It was the 2011 holiday season in New York City when Marisa Lombardo walked into Rockefeller Center planning on an afternoon of ice skating. When she saw the Anthropologie store window display on her skates, she noticed mannequins adorned with her jewelry line, The Artemisian.
The 1999 Tyler alumna has always had a passion for jewelry, but after her first two years of college as a jewelry major, she decided that a fine arts medium would benefit her more. She moved from where she was studying abroad in Scotland to Temple’s Rome Campus.
“I took a printmaking class and it felt freeing to me,” Lombardo said. “Printmaking was really attractive because I was still working with metal. I went into printmaking at that time and at that age because I felt like I needed the freedom of a fine art.”
While in Rome, Lombardo said she was greatly influenced by the wife of one of her professors, who went on to inspire Lombardo’s later-established line, The Artemisian.
“I noticed that everyone that had been in America that had come to Rome couldn’t find the same materials they were using,” Lombardo said. “I remember [my professor’s] wife told us to narrow our scope and create from that place, as opposed to saying I need this, I need that. It was really important in my development as an artist, and for this collection.”
Her relocation to Rome and the influence of her professor’s wife returned her interests to jewelry. Lombardo said the pieces she uses in her work often come from items she finds on her travels, whether the antiques were originally made to wear or not. She then reworks the pieces, laying them out on paper and fitting them together like a puzzle until they look right.
“I take all the parts I think I want to use – so chains, stones, charms, et cetera – and I treat [each piece] very much like a large body of work,” Lombardo said. “[The piece] can then be reproduced based on genre.”

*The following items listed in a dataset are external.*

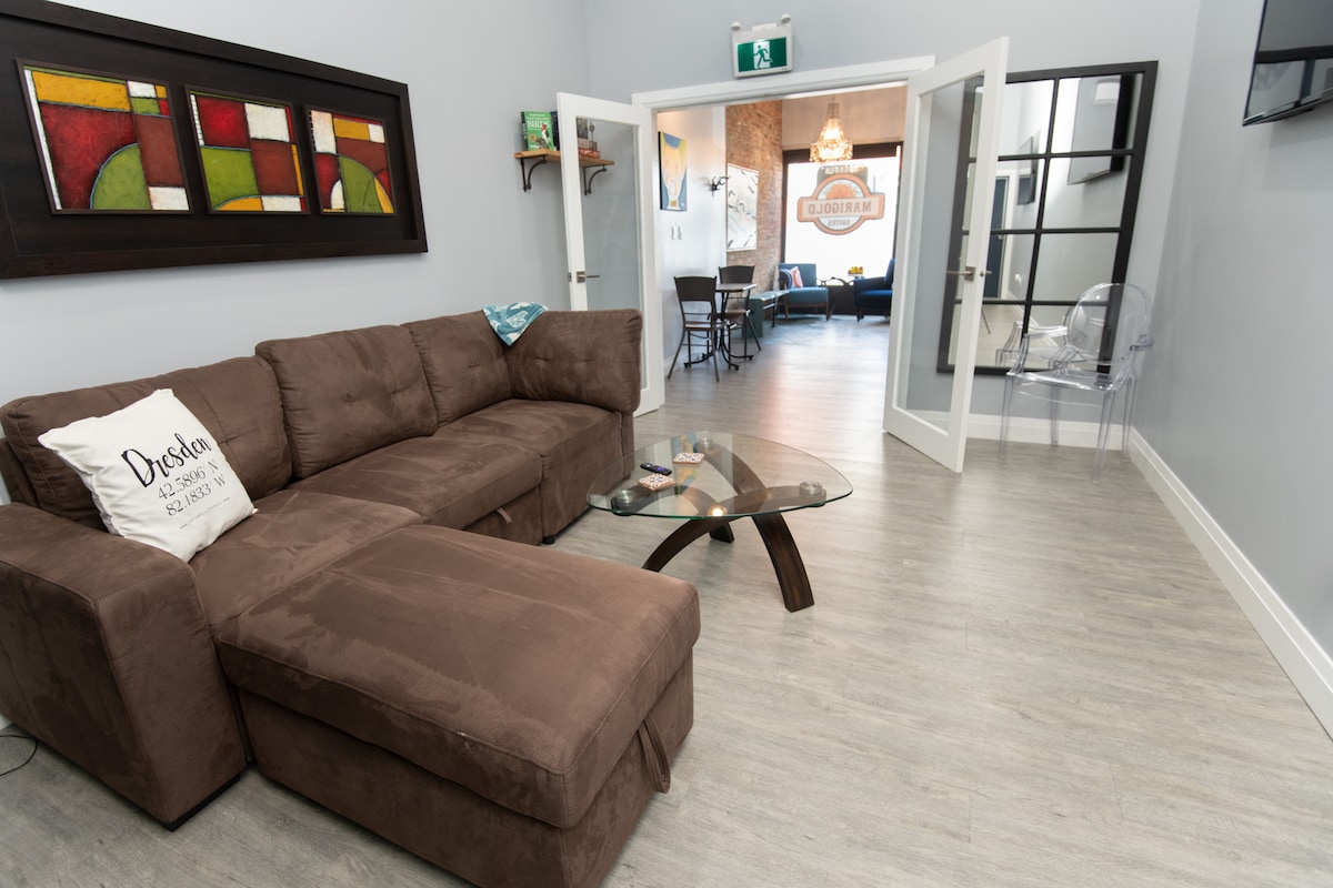 Forget your worries in this spacious and serene space. The suite features a separate entrance, offering complete privacy within the main structure of the house. Outside is a secluded firepit area surrounded by a country view. Catch the sunsets! ✧Twin Pines Orchards & Cider house 5 min walk ✧Shale Ridge Winery 10 min walk ✧Widder Station golf & Country club 5 min drive ✧ Ipperwash Beach 12 min drive ✧ Lambton Heritage Museum 8 Km A modest fee for accommodating pets.
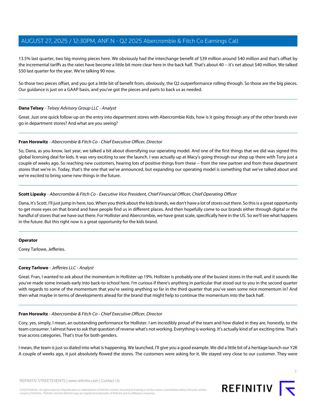 13.5% last quarter, two big moving pieces here. We obviously had the interchange benefit of $39 million around $40 million and that's offset by the incremental tariffs as the rates have become a little bit more clear here in the back half. That's about 40 -- it's net about $40 million. We talked $50 last quarter for the year. We're talking 90 now. So those two pieces offset, and you got a little bit of benefit from, obviously, the Q2 outperformance rolling through. So those are the big pieces. Our guidance is just on a GAAP basis, and you've got the pieces and parts to back us as needed. Dana Telsey - Telsey Advisory Group LLC - Analyst Great. Just one quick follow-up on the entry into department stores with Abercrombie Kids, how is it going through any of the other brands ever go in department stores? And what are you seeing? Fran Horowitz - Abercrombie & Fitch Co - Chief Executive Officer, Director So, Dana, as you know, last year, we talked a bit about diversifying our operating model. And one of the first things that we did was signed this global licensing deal for kids. It was very exciting to see the launch. I was actually up at Macy's going through our shop up there with Tony just a couple of weeks ago. So reaching new customers, hearing lots of positive things from these -- from the new partner and from these department stores that we're in. Today, that's the one that we've announced, but expanding our operating model is something that we've talked about and we're excited to bring some new things in the future. Scott Lipesky - Abercrombie & Fitch Co - Executive Vice President, Chief Financial Officer, Chief Operating Officer Dana, it's Scott. I'll just jump in here, too. When you think about the kids brands, we don't have a lot of stores out there. So this is a great opportunity to get more eyes on that brand and have people find us in different places. And then hopefully come to our brands either through digital or the handful of stores that we have out there. For Hollister and Abercrombie, we have great scale, specifically here in the US. So we'll see what happens in the future. But this right now is a great opportunity for the kids brand. Operator Corey Tarlowe, Jefferies. Corey Tarlowe - Jefferies LLC - Analyst Great. Fran, I wanted to ask about the momentum in Hollister up 19%. Hollister is probably one of the busiest stores in the mall, and it sounds like you've made some inroads early into back-to-school here. I'm curious if there's anything in particular that stood out to you in the second quarter with regards to some of the momentum that you're seeing anything so far in the third quarter that you've seen some nice momentum in? And then what maybe in terms of developments ahead for the brand that might help to continue the momentum into the back half. Fran Horowitz - Abercrombie & Fitch Co - Chief Executive Officer, Director Cory, yes, simply, I mean, an outstanding performance for Hollister. I am incredibly proud of the team and how dialed in they are, honestly, to the team consumer. I almost have to ask that question of reverse what's not working. Everything is working. It's actually kind of an exciting time. That's true across categories. That's true for both genders. I mean, the team is just so dialed into what is happening. We launched, I'll give you a good example. We did a little bit of a heritage launch our Y2K A couple of weeks ago, it just absolutely flowed the stores. The customers were asking for it. We stayed very close to our customer. They were 7 REFINITIV STREETEVENTS | www.refinitiv.com | Contact Us ©2025 Refinitiv. All rights reserved. Republication or redistribution of Refinitiv content, including by framing or similar means, is prohibited without the prior written consent of Refinitiv. 'Refinitiv' and the Refinitiv logo are registered trademarks of Refinitiv and its affiliated companies. AUGUST 27, 2025 / 12:30PM, ANF.N - Q2 2025 Abercrombie & Fitch Co Earnings Call
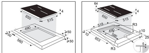 Отверстие в нише выполняют, исходя из размеров самой варочной панели — они должны соответствовать друг другу либо немного превышать размеры выреза. При выборе наиболее распространенной варочной панели с 4 конфорками в столешнице вырезается отверстие шириной 59 см и глубиной около 49-50 см. Толщина столешницы должна быть немного меньше, чем высота варочной панели, в противном случае панель придется заглубить, чтобы она не слишком выступала.
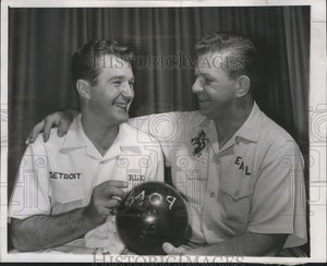 1957 Press Photo Ed Lubanski Shown with Bob Kwolek After They Completed 30 Games
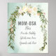 Sinal de mesa da Mãe-Oosa para os seus convidados para o chá de aspersão do bebê. spray floral de rosa branca elegante com fundo aquoso verde.
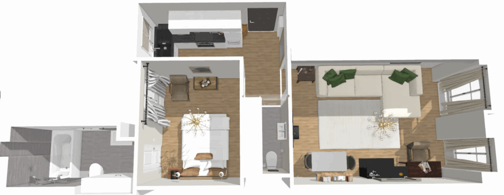 On the left, the large living room that can comfortably accommodate 4 people. The living room has a TV corner and a work space. The large windows bring a lot of light to the room.

The first piece in each season’s collection is always crafted by Lombardo and used as a guide for her employees, who make the rest of the collection. However, she stresses the fine art aspect of her business and said she insists that uniqueness be maintained within each piece.
She said it is also important to her that the line find a balance between reaching a large audience while remaining a high-quality brand that is not sold in every store across the country.

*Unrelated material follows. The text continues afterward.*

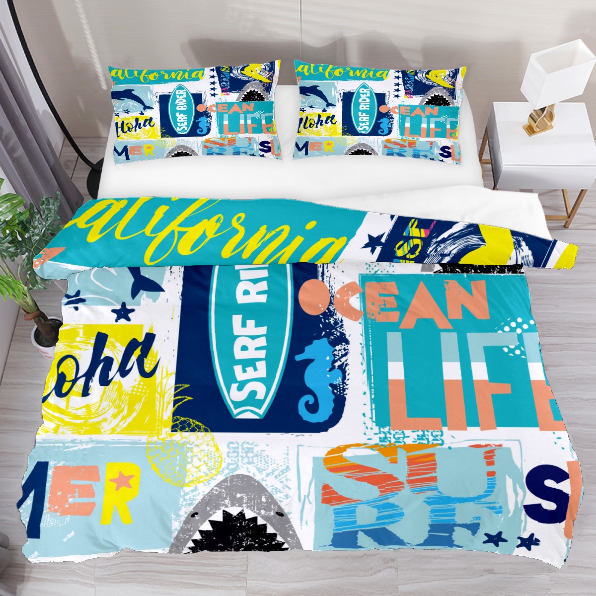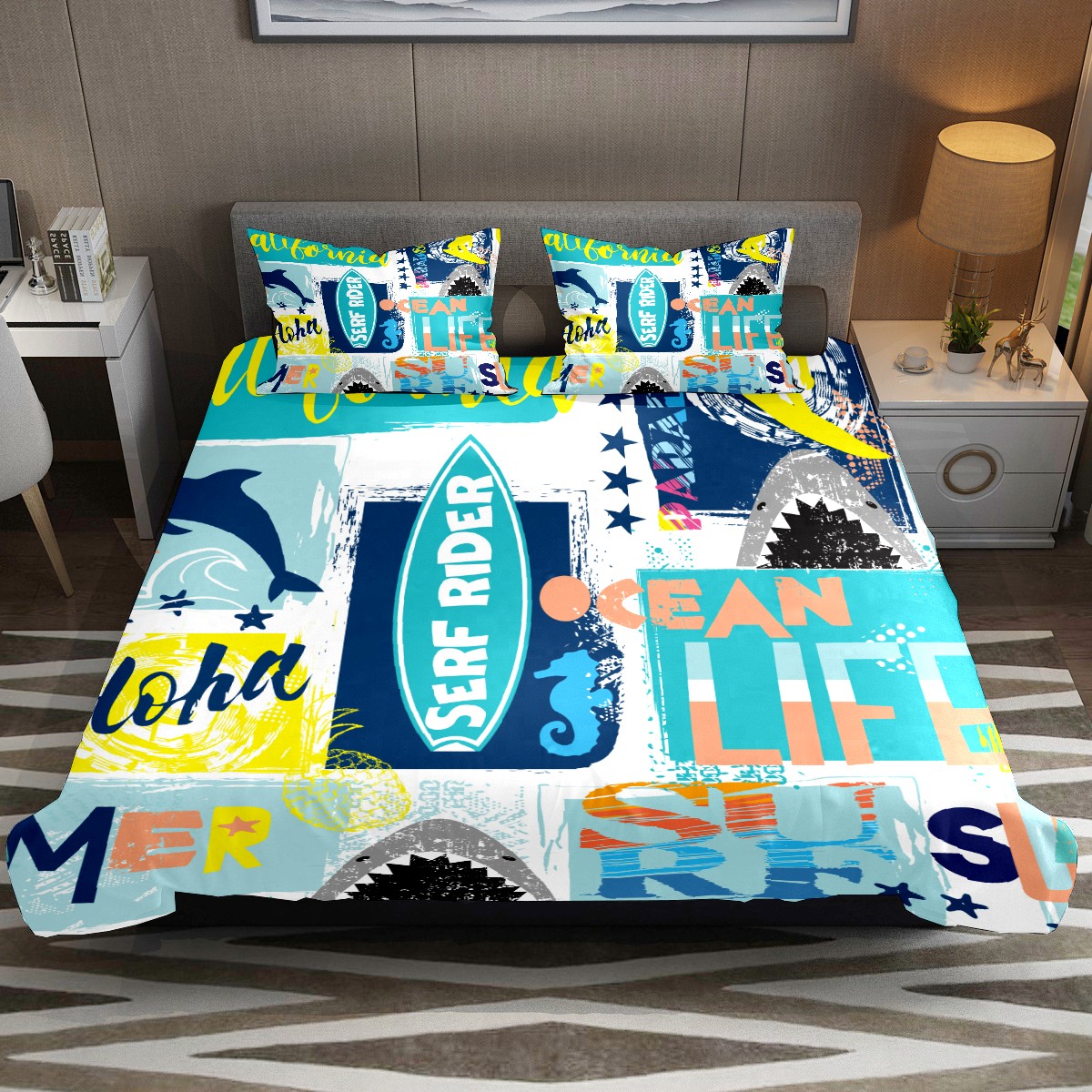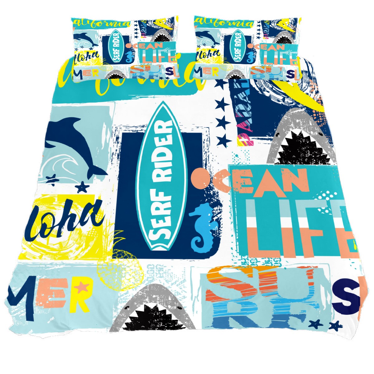 Duvet Cover Twin Ocean Life Shark Surf 3pcs Bedding Duvet Cover Set Modern Quilt Cover Microfiber Comforter Cover with Button Closure with 2 Pillow Cases 1 Duvet Cover

“My pieces have stories,” Lombardo said. “You can buy nice things at places like Target and Gap, and they’re pretty, but mine have stories.”
Though The Artemisian line is spreading worldwide, gaining popularity in Europe and Asia, Lombardo said one of the greatest achievements of the line was being accepted into the PremiÈRe trade show. As a result, Lombardo traveled to Paris in 2011. She also said the relationship she had built with Anthropologie was instrumental in her landing a place in the show.

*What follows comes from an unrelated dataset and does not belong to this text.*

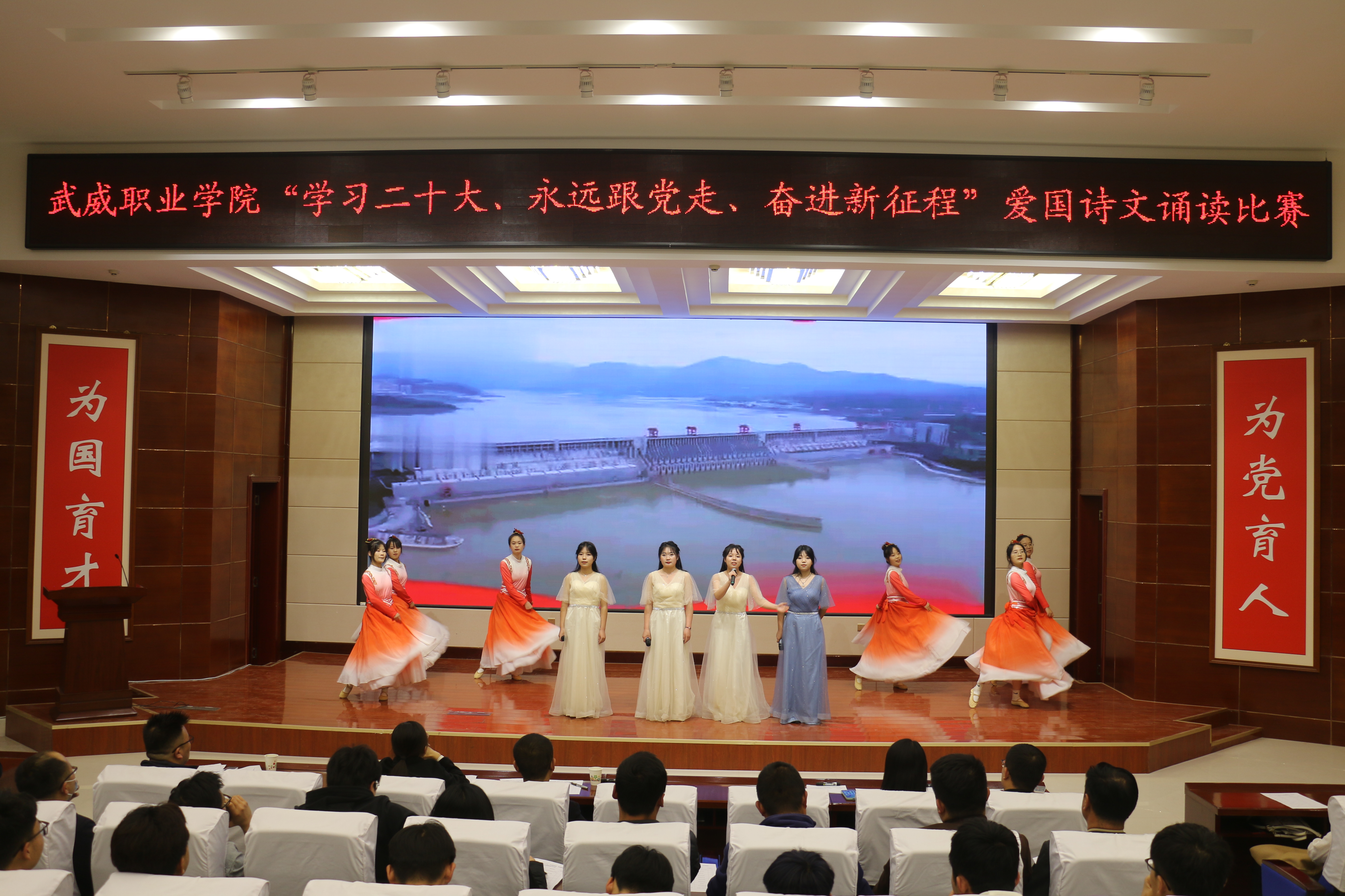 4月21日晚,學(xué)校團(tuán)委在菁英廳舉辦“學(xué)習(xí)二十大,永遠(yuǎn)跟黨走,奮進(jìn)新征程”愛國詩文誦讀比賽決賽。黨委委員、副校長王守云出席活動(dòng),相關(guān)部門負(fù)責(zé)人和各二級學(xué)院團(tuán)委書記及學(xué)生代表250余人觀看比賽。

“My mentor said that [PremiÈRe] was the only trade show I should do,” Lombardo said. “It’s the most avant garde trade show in the world and I got in – once you’re in, you’re in. I put all my pieces together and I had no idea what to expect.”
One of the most important aspects of Lombardo’s time in Paris was to combine the worlds of art and fashion, a trend she said is already developing.
“I live in the world of fashion now,” Lombardo said. “I’m trying to bridge the gap but it’s not even really existent anymore. The worlds have converged.”
She said she does not want The Artemisian brand to become too commercial, but it’s difficult to find a happy medium between making her jewelry affordable and maintaining that fine-art feel.
“I would like to see the brand continue to grow and I can see getting into finer jewelry – diamonds and gold,” Lombardo said. “But I can also see a kind of diffusion line, where it can be worn by more people.”
Lombardo is not pushed to create jewelry that is trendy or popular during a specific season. She said that right now she is happy creating pieces that speak to people and carry on the traditions and meaning behind the antiques within them.
“I’ll ride this train as long as it will go, because I love creating,” Lombardo said. “The fact that the pieces are worn and they have this history brought to new people, so the match case that was used by a man in the 1800s is now being worn by a girl in New York City who’s telling the story. Nothing ends and matter always stays around, so this process of adding to the historical context is really fantastic.”